> **The task**
Without the pictures, write the listing out again exactly as it appears.

> **Collected data**
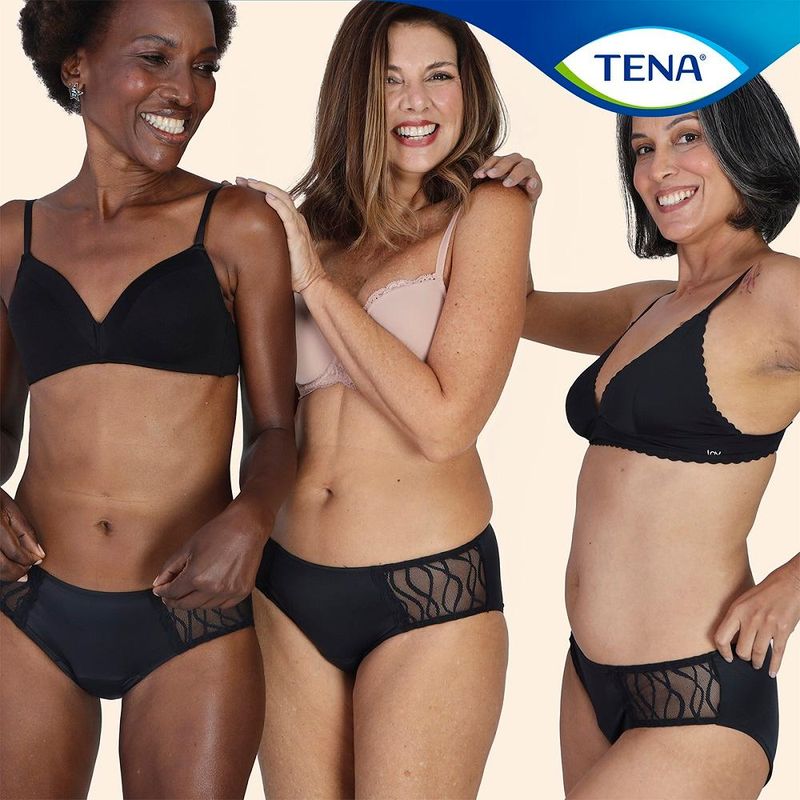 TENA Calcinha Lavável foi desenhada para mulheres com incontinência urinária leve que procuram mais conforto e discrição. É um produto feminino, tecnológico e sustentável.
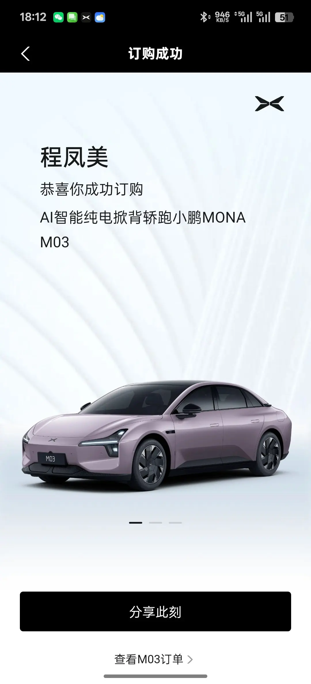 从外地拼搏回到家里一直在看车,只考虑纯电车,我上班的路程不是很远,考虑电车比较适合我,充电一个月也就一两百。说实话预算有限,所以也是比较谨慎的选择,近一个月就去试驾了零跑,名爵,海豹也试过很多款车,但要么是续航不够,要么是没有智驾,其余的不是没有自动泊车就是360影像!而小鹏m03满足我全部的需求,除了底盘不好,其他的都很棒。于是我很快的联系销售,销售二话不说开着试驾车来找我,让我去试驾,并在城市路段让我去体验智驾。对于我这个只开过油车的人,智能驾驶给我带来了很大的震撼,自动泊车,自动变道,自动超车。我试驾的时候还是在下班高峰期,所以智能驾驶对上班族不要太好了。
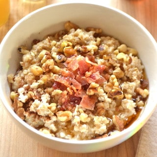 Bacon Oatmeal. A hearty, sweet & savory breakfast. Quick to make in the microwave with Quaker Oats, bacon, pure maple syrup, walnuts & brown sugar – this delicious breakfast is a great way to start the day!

> **Result of the task**
 TENA Calcinha Lavável foi desenhada para mulheres com incontinência urinária leve que procuram mais conforto e discrição. É um produto feminino, tecnológico e sustentável.
 从外地拼搏回到家里一直在看车,只考虑纯电车,我上班的路程不是很远,考虑电车比较适合我,充电一个月也就一两百。说实话预算有限,所以也是比较谨慎的选择,近一个月就去试驾了零跑,名爵,海豹也试过很多款车,但要么是续航不够,要么是没有智驾,其余的不是没有自动泊车就是360影像!而小鹏m03满足我全部的需求,除了底盘不好,其他的都很棒。于是我很快的联系销售,销售二话不说开着试驾车来找我,让我去试驾,并在城市路段让我去体验智驾。对于我这个只开过油车的人,智能驾驶给我带来了很大的震撼,自动泊车,自动变道,自动超车。我试驾的时候还是在下班高峰期,所以智能驾驶对上班族不要太好了。
 Bacon Oatmeal. A hearty, sweet & savory breakfast. Quick to make in the microwave with Quaker Oats, bacon, pure maple syrup, walnuts & brown sugar – this delicious breakfast is a great way to start the day!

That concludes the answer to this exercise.